ASSIGNED TASK →
Transcribe the listing below verbatim, omitting pictures.

RECORDED INFORMATION →
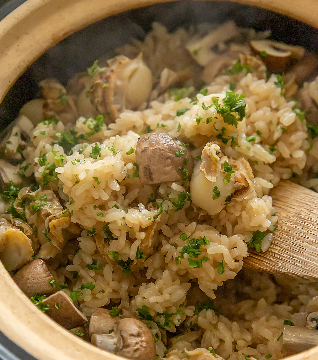 マッシュルームとホタテの炊き込みごはん
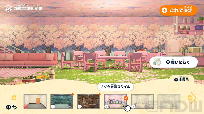 新しい家は、リビングが本当に広い〜! ちょうど春のアイテムが入荷されたので、リビングを「さくら吹雪スタイル」にチェンジ。雰囲気最高のインテリアで、同棲生活スタートです。
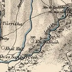 In 1881 the Survey of Western Palestine identified Khirbet Dufnah, meaning "the ruin of Daphne (oleander).[3]

THE COMPLETED TASK →
 マッシュルームとホタテの炊き込みごはん
 新しい家は、リビングが本当に広い〜! ちょうど春のアイテムが入荷されたので、リビングを「さくら吹雪スタイル」にチェンジ。雰囲気最高のインテリアで、同棲生活スタートです。
 In 1881 the Survey of Western Palestine identified Khirbet Dufnah, meaning "the ruin of Daphne (oleander).[3]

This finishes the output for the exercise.